[Opening Given records section]

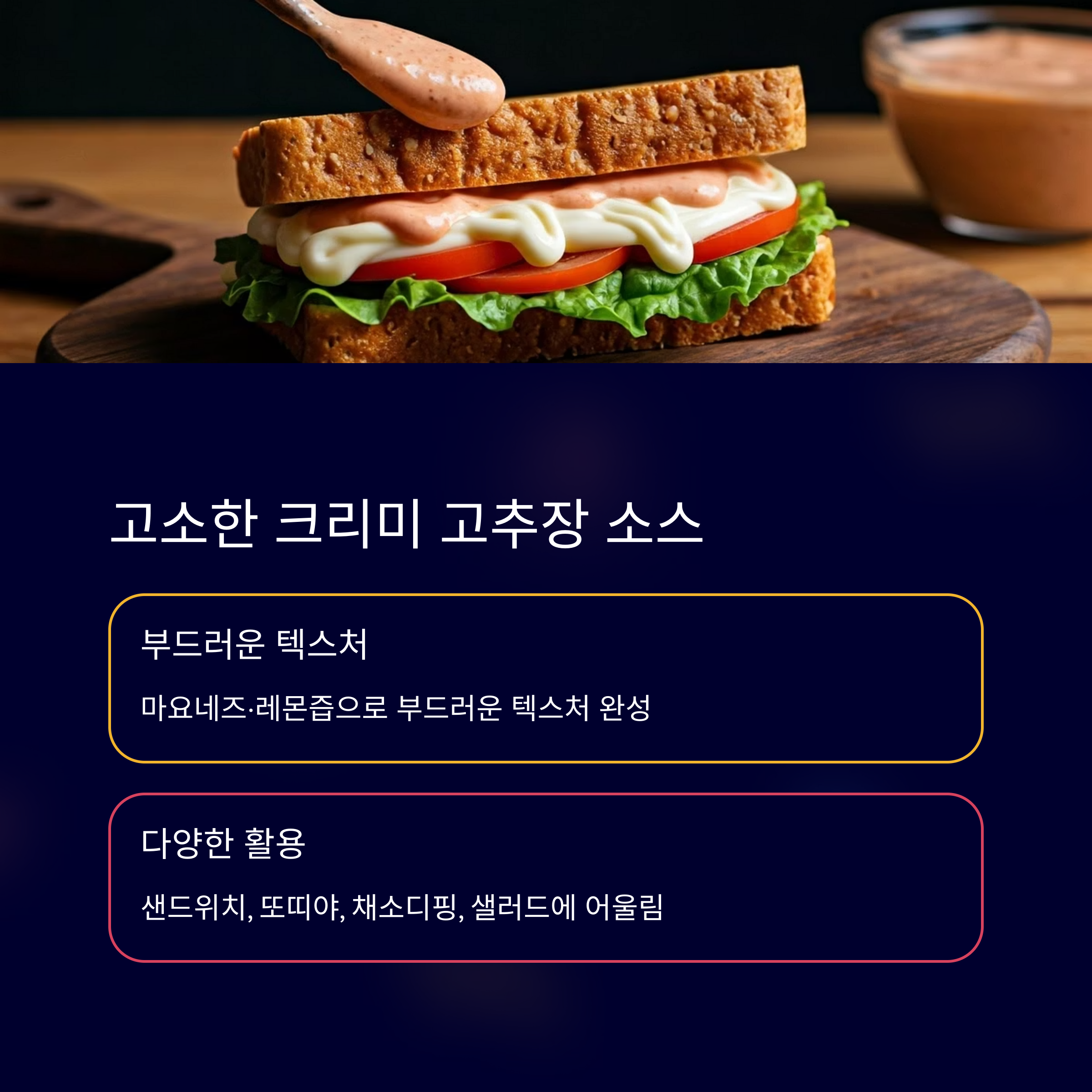 고추장의 풍미를 살리면서도 자극적인 매운맛은 줄이고 싶은 분들께 추천하는 것이 바로 크리미 고추장 소스입니다. 이 소스는 특히 샌드위치, 랩, 샐러드, 구운 고기나 생선 등에 잘 어울리는 고소한 스타일입니다.
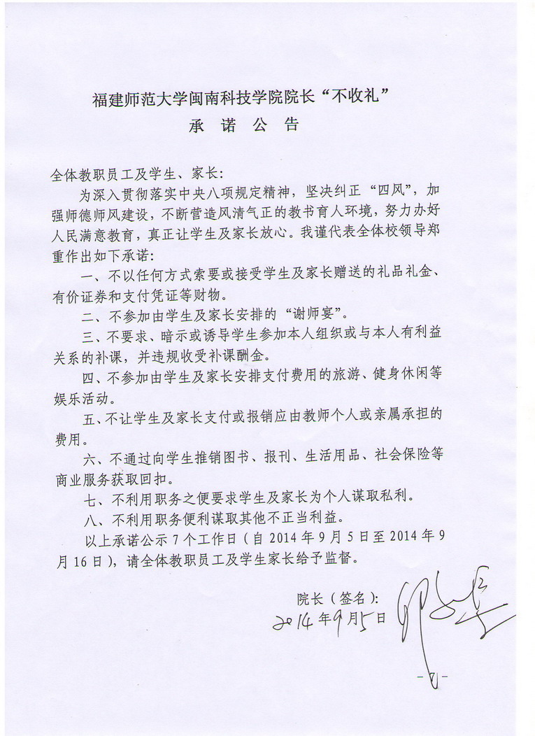 福建师范大学开云唯一官网_开云(中国)院长“不收礼”承诺公告
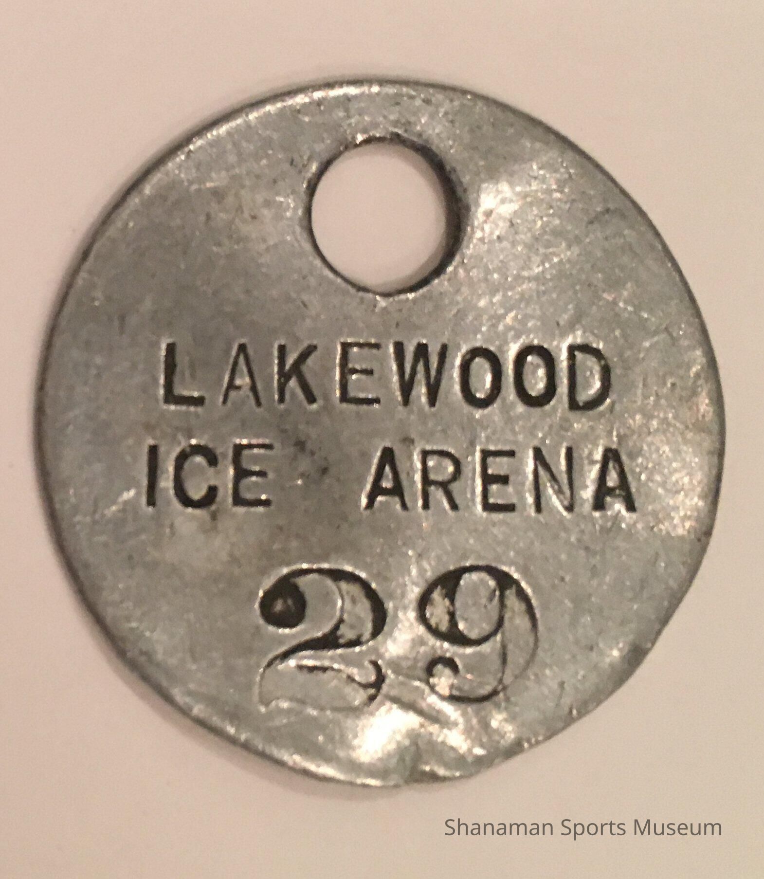 A locker tag from the Lakewood Ice Arena was used by patrons to store their possessions while using the skating facility. The ice arena was home to many popular sports played at the rink including hockey, curling and figure skating. The ice arena was the entertainment hub from its opening in 1938 until 1982 when part of the building collapsed and the rest was demolished.Lexicon
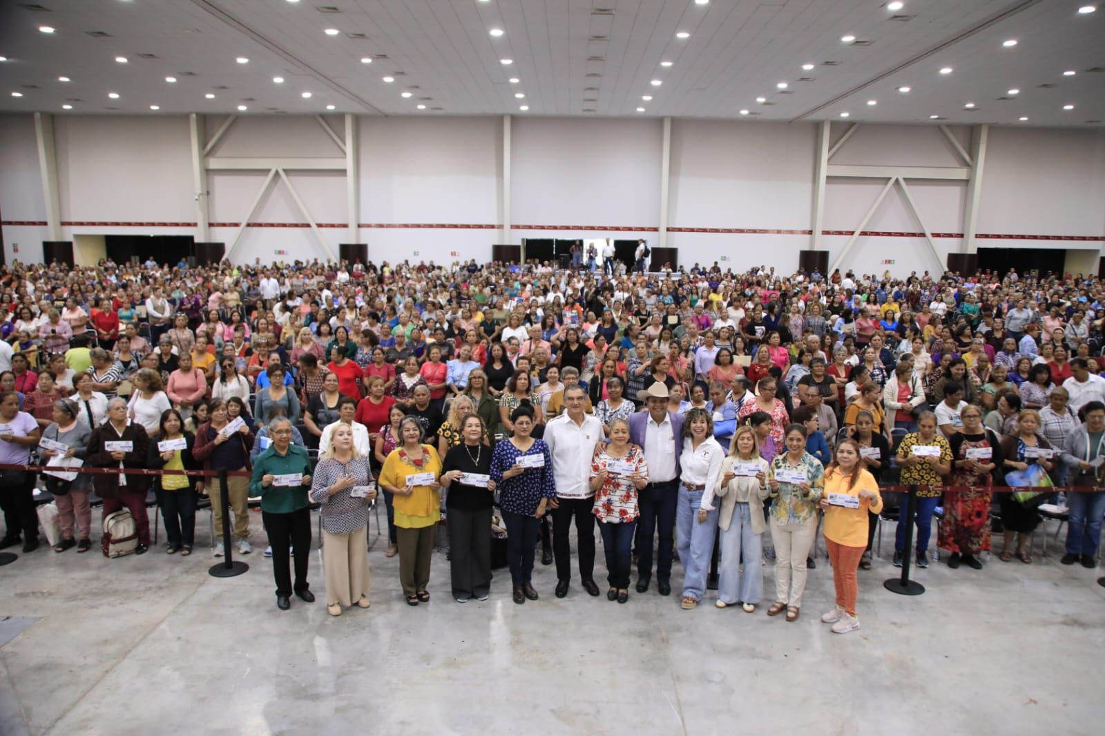 Al presidir la entrega de tarjetas del programa Pensión Mujeres Bienestar a dos mil tamaulipecas reunidas en el Polyforum de esta capital, el gobernador Américo Villarreal Anaya destacó la visión humanista de la presidenta Claudia Sheinbaum para reconocer a quienes han contribuido a forjar una mejor sociedad en Tamaulipas y en México.
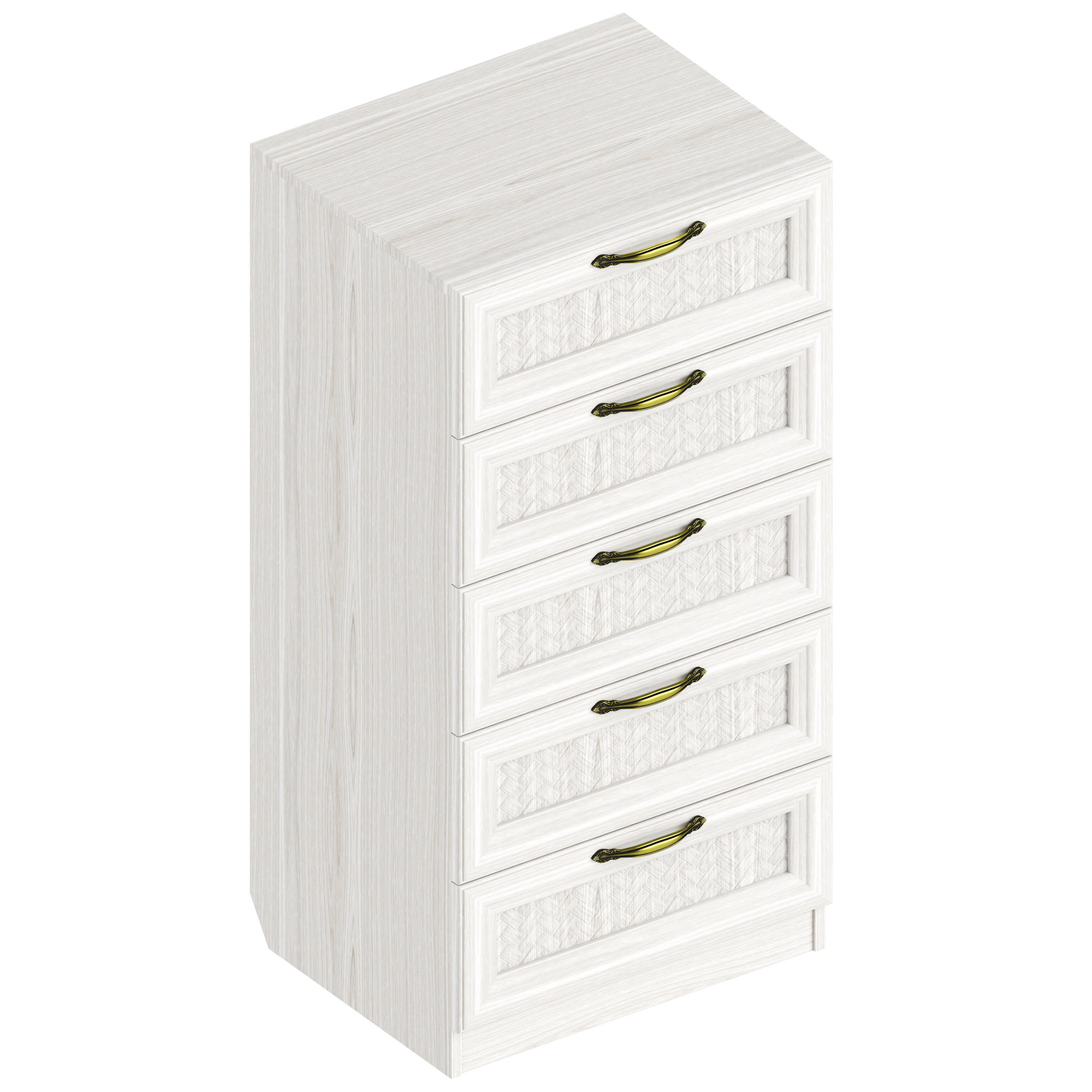 Комод Александрия СА-03 прекрасно впишется в интерьер вашей комнаты, а также привнесет нотки элегантности. Теперь у вас появится дополнительное место для бережного хранения одежды, нижнего и постельного белья, разнообразных аксессуаров и любимой косметики. Комод оснащен пятью выдвижными ящикам. Сверху на комоде можно разместить несколько семейных фотографий, вазу с цветами, косметику и украшения.
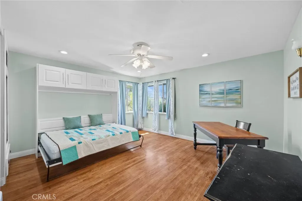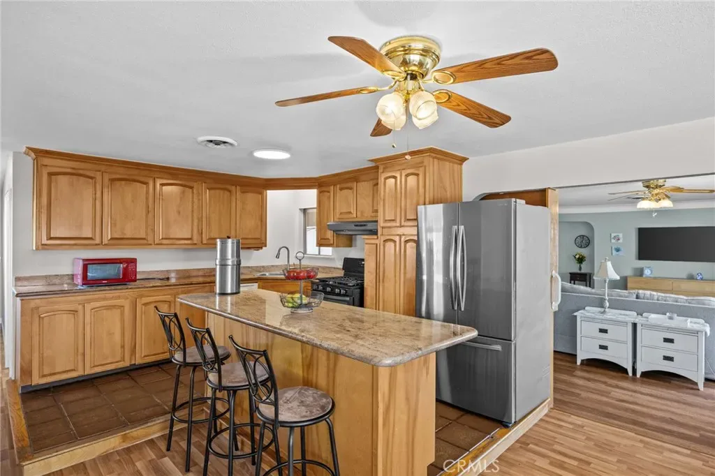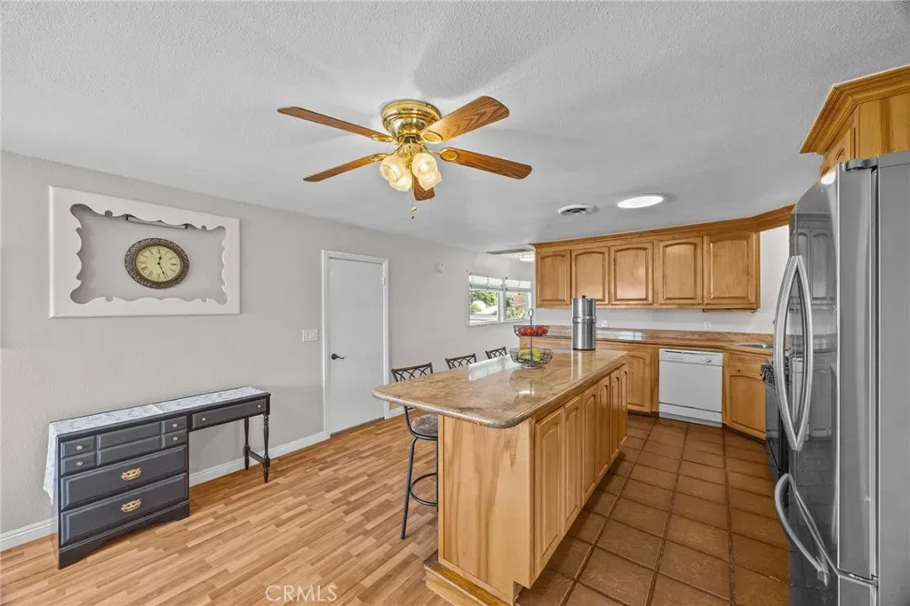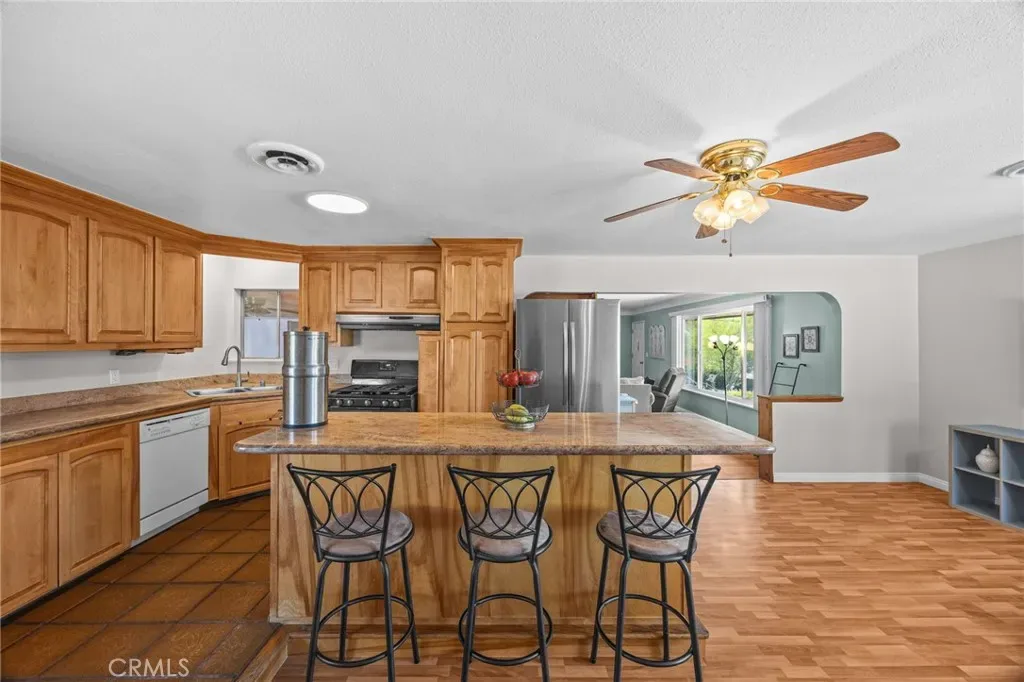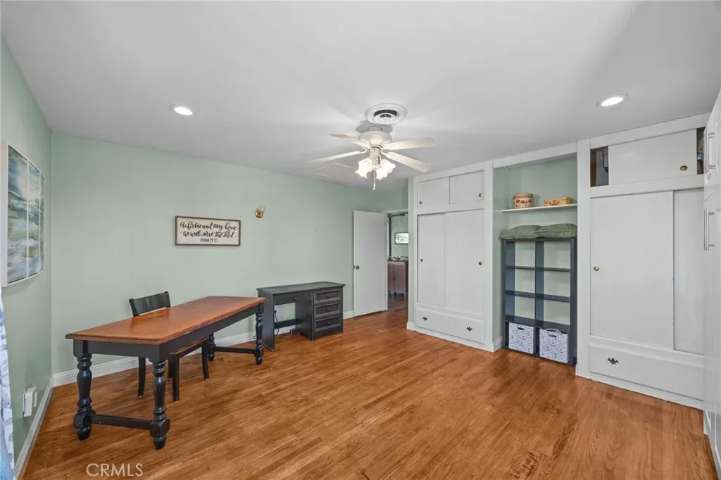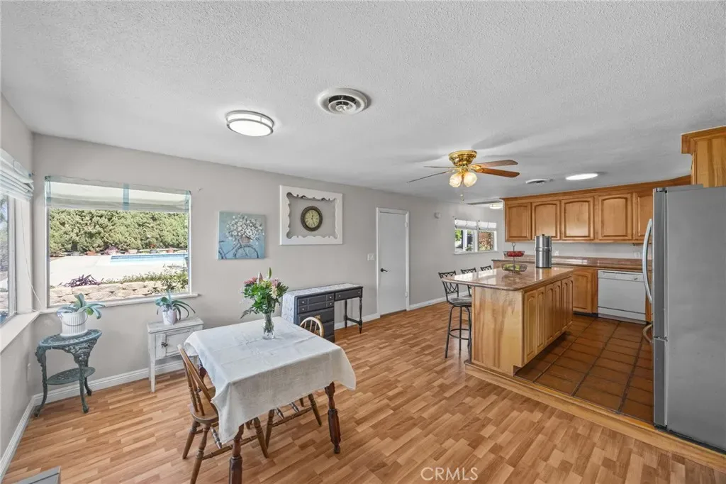 Discover this single-story mid-century modern ranch Pool Home on a 28,314 sq ft horse property lot in Norco, CA. Boasting 4 bedrooms and 2 upgraded bathrooms with walk-in showers, this home spans 2,224 sq ft, plus an 800 sq ft enclosed bonus/enclosed patio room in the middle of the house (not part of dwelling footage on tax roll). The custom kitchen features light oak cabinets, granite countertops, a center island, breakfast counter, gas range and stainless steel refrigerator, opening to a large dining area with stunning city views. Original hardwood floors in select rooms complement soft, inviting colors throughout the home. The primary bedroom is spacious and light-filled, while the primary bathroom offers a modern walk-in shower with custom tile and corner seat, plus floor-to-ceiling light oak cabinetry. The bonus/enclosed patio room is perfect for a workshop, game room, or home gym, complete with double French doors to outside & barn doors to living room. Step outside to a large pool with attached spa, surrounded by extensive concrete decking and evergreen trees. A large lattice patio creates a perfect entertaining area, all with breathtaking mountain and city views. Additional highlights include solar panels, oversized detached garage with storage/workshop space, and Norco horse trail access, all with convenient freeway access. Ideal for horse owners, equestrian families, multi-generational households, or buyers seeking a rural lifestyle with entertaining space, this Norco horse property also offers room to build an ADU with views, making it an exceptional opportunity.

[Closing Given records section]

Brief >> What are the lines in the records above, word for word, from the one containing "A locker tag" through the one containing "Комод Александрия СА-03", both ends included and pictures left out?

Response >>
 A locker tag from the Lakewood Ice Arena was used by patrons to store their possessions while using the skating facility. The ice arena was home to many popular sports played at the rink including hockey, curling and figure skating. The ice arena was the entertainment hub from its opening in 1938 until 1982 when part of the building collapsed and the rest was demolished.Lexicon
 Al presidir la entrega de tarjetas del programa Pensión Mujeres Bienestar a dos mil tamaulipecas reunidas en el Polyforum de esta capital, el gobernador Américo Villarreal Anaya destacó la visión humanista de la presidenta Claudia Sheinbaum para reconocer a quienes han contribuido a forjar una mejor sociedad en Tamaulipas y en México.
 Комод Александрия СА-03 прекрасно впишется в интерьер вашей комнаты, а также привнесет нотки элегантности. Теперь у вас появится дополнительное место для бережного хранения одежды, нижнего и постельного белья, разнообразных аксессуаров и любимой косметики. Комод оснащен пятью выдвижными ящикам. Сверху на комоде можно разместить несколько семейных фотографий, вазу с цветами, косметику и украшения.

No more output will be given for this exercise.